Regarding As the interdimensional waves run through me I can distinguish between the voices of angel and evil!, the reference to Japanese traditional culture meets with the previous work. But it is possible that in this work, Takashi Murakami want to get us closer to a thought about multiple dimension worlds like Edwin A. Abbott does in his novel Flatland: A romance of many dimensions. In this novel Edwin A. Abbott tells the story of Square, from Flatland, whom one day has a revelation where he travels to a world unknown, Lineland. There, only one dimension exists and its citizens, dots and lines, can only move on a line back and forth. Square meets the king of Lineland to whom he tries to explain the reality of his world of two dimensions. The king cannot believe him, takes Square as a fool and expels him from his world. Back in Flatland, Square meets Sphere who tells him about a three dimensional universe, a concept that Square doesn’t understand and so he rejects Sphere the same way the king from Lineland rejected him. Square is only able to accept the existence of a world more complex than his when Sphere shows him Spaceland to make him understand that there are other realities different from his. The novel is a satire about the social hierarchy of the Victorian society and talks about learning to aspire and how to teach others to have aspirations and accept other realities. Maybe it is natural for the human being to consider our own perception as the right one, criticizing lower realities and not accepting whatever that contradicts our own perception of the world we live in. Relating this to Murakami’s work, he uses the term superflat to deal with his own work and he does it under a formal or aesthetic point of view, but projecting it into what is historical and social.

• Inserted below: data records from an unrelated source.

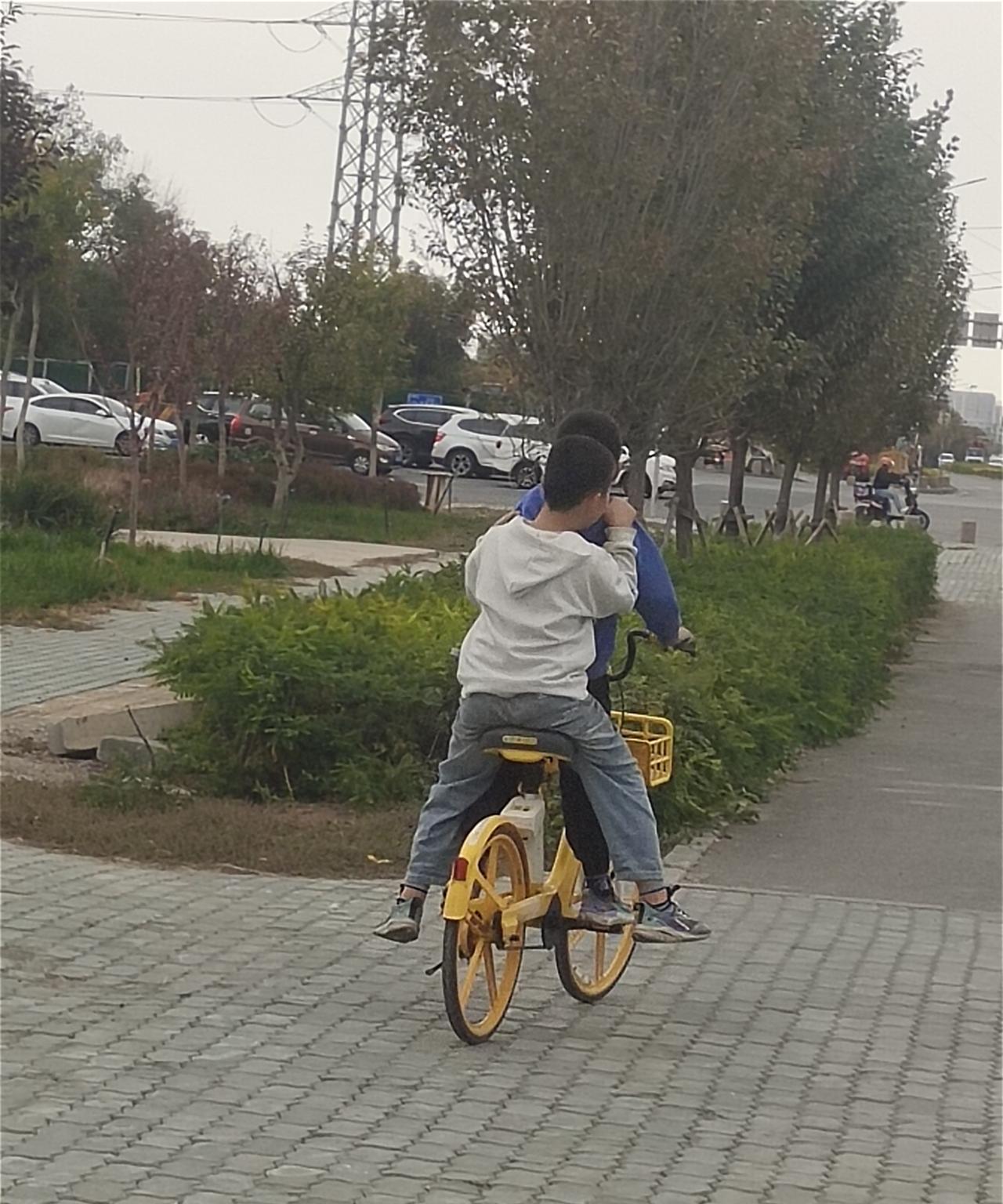 不可否认,现在的孩子真是聪明。这不?停放在人行道上的锁着的共享单车自行车,被这里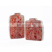 Central Asian Style Geometric Pattern Hand Drawn Series Red And White Ceramic Vases For Home Decor
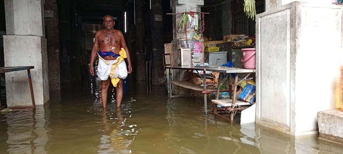 இதனால் நகரின் மையப்பகுதியிலுள்ள பல்லவன் குளம் நிரம்பி வழிந்து அருகேயுள்ள சாந்தநாதர் கோவிலுக்குள் வெள்ளம் புகுந்தது. அருகேயுள்ள பூ மார்க்கெட் பகுதியிலும் முழங்கால் அளவு தண்ணீர் தேங்கியுள்ளது. இதேபோல, கீழ 3, கீழ 4 வீதிகளிலும் மழைநீர் பெருக்கெடுத்து ஓடுகிறது.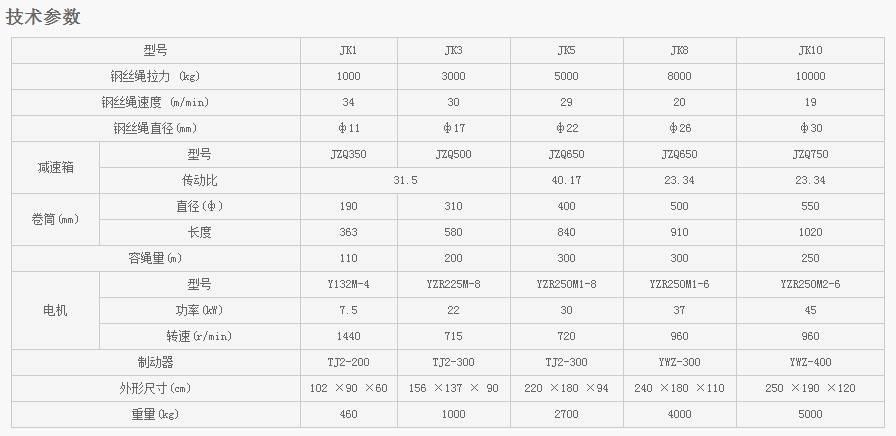 浙江凱勛JK1-JK10建筑卷?yè)P(yáng)機(jī)技術(shù)參數(shù):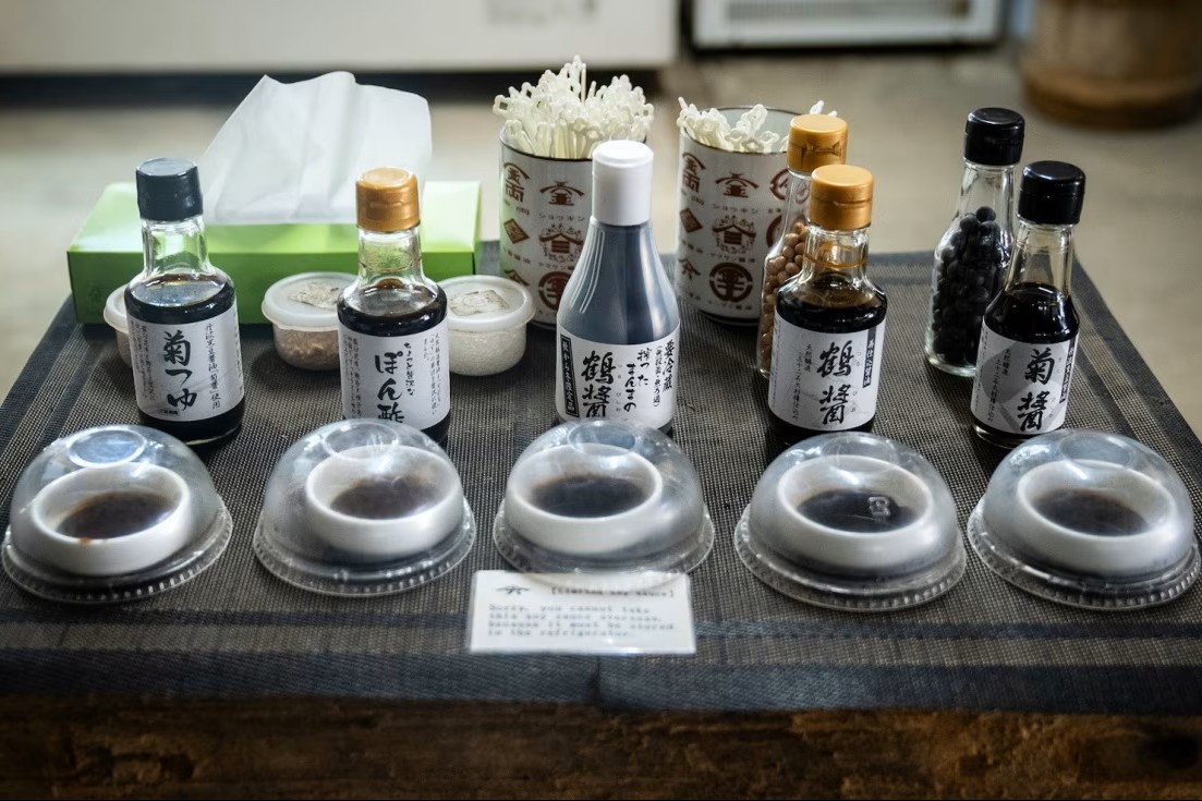 醬油村裡最有名的,是「山六醬油(ヤマロク醬油)」。他們用大型傳統木桶長期陳釀醬油,有些桶子已經用了超過一百年,桶壁上密密麻麻地住著幾十年間慢慢累積起來的微生物群落。這裡的醬油之所以好喝,不只是因為原料好、師傅厲害,更是因為時間——那種深沉、層次豐富的味道,是急不來的。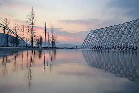 The museum also includes a number of ecological features; water from the sea is used to regulate the temperature inside the building, and to refill the surrounding reflecting pools.[23][24] The Guardian described it as "an other-worldly edifice that looks like a cross between a solar-powered dinosaur and a giant air conditioning unit", and declared "it must already rank as one of the world's most extraordinary buildings."[25]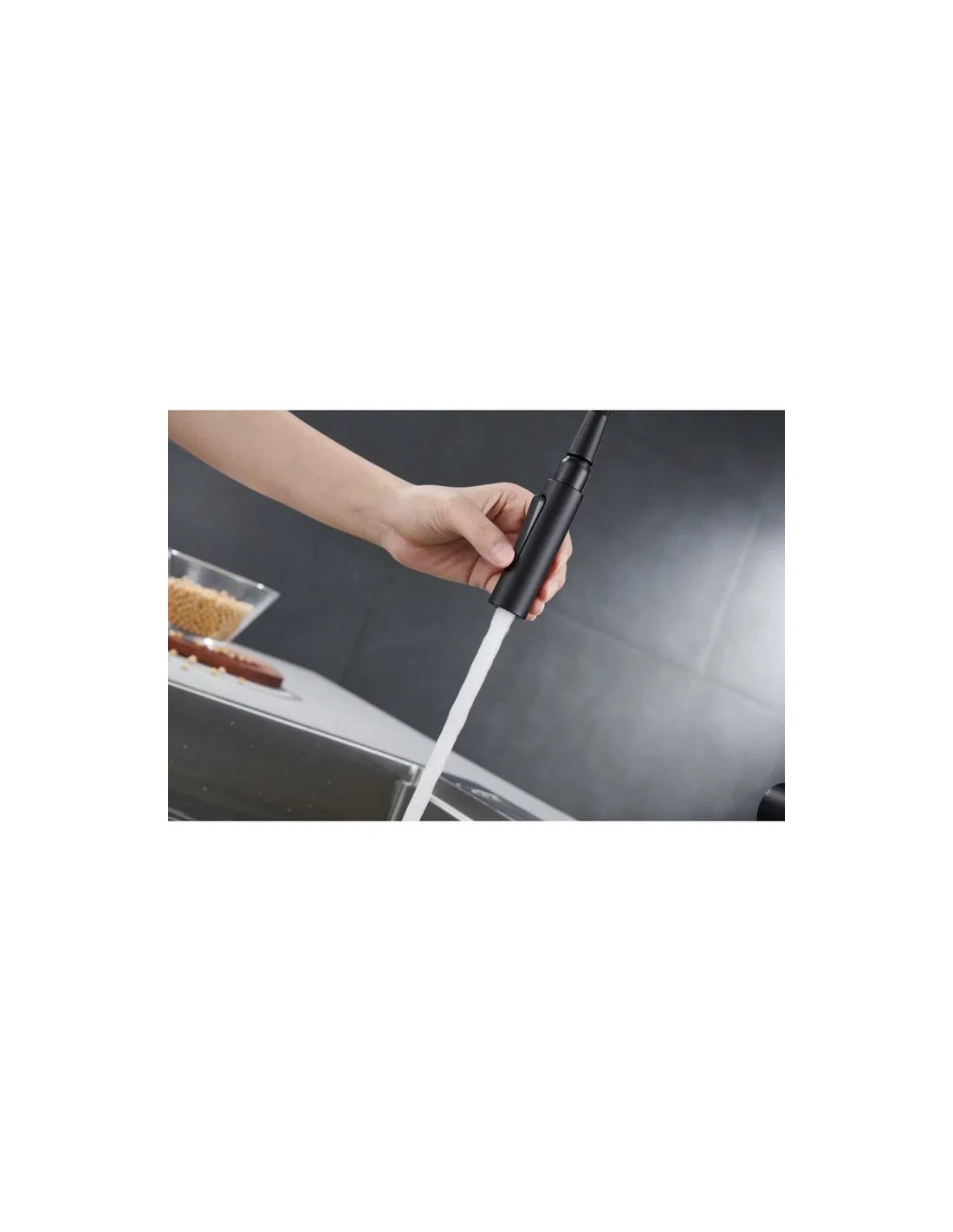 • Ressort résistant avec une bonne mobilité et extrémité du bec amovible pour obtenir un tuyau avec douchette permettant d'atteindre n'importe quelle partie des bacs.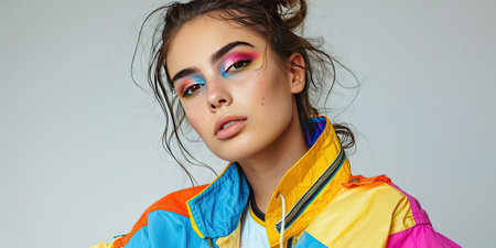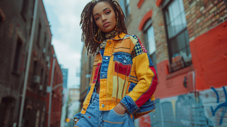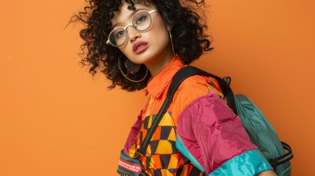 Stylish Young Woman in Trendy Streetwear Against Vibrant Background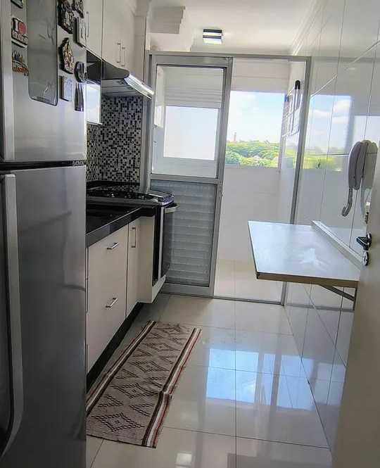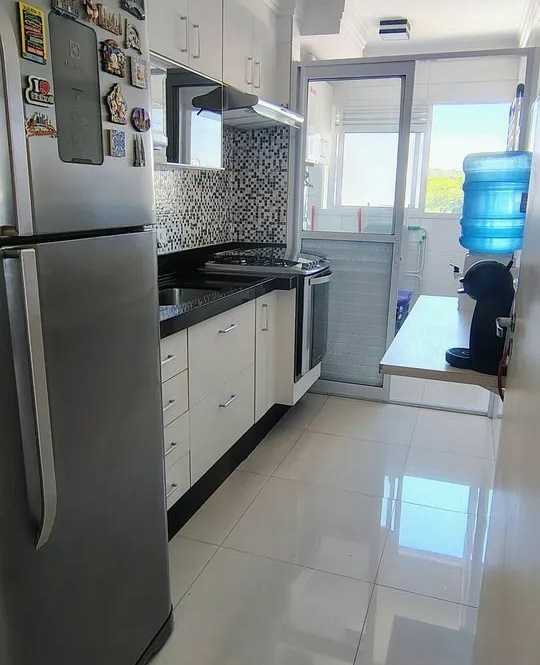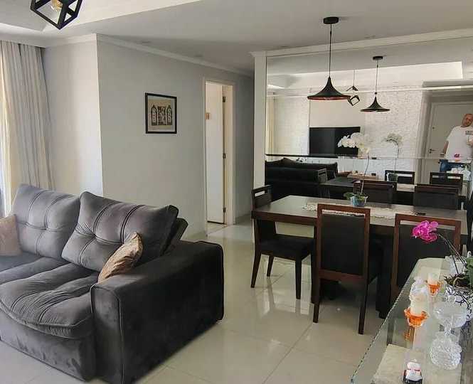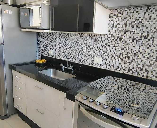 Apartamento de 76 Metros com 3 Dormitorios sendo 1 Suíte, com armários embutidos na cozinha e lavanderia, aquecedor a gás, balcão de apoio articulado, fogão embutido, depurador de ar, piso frio em porcelanato, sanca na sala, parede com espelhos, sacada gourmet com pia e armário com churrasqueira elétrica, fechamento da varanda em vidro articulado, armários embutidos nos banheiros e cubas sobrepostas, pias em mármore, armários embutidos nos quartos, suite com sanca e painel de cama com criado mudo embutido além de 1 Vaga de garagem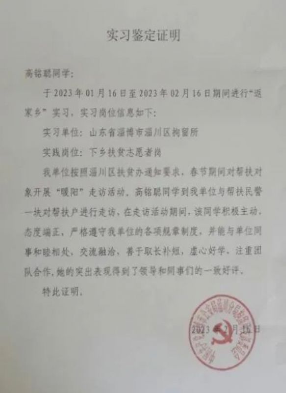 实践岗位:下乡扶贫志愿者服务岗 实践经历:参加 “暖阳”活动,与帮扶民警一起到淄川区寨里镇北佛村多户帮扶户家中走访,了解脱贫情况并做好记录;对脱贫群众健康情况开展全面摸排,积极向帮扶群众宣传防疫知识,送去党和政府的温暖与关怀。

Finally, in these two pieces we can see a line of Chinese characters that belong to an ancient Buddhist text, it says: “Grass, trees, countries, the earth itself–all these shall enter wholly into Buddhahood.”
Takashi Murakami shows us in these works his knowledge about traditional culture and how he understands it making it clear that he is a man with deep thoughts about philosophy, religion and his spiritual roots.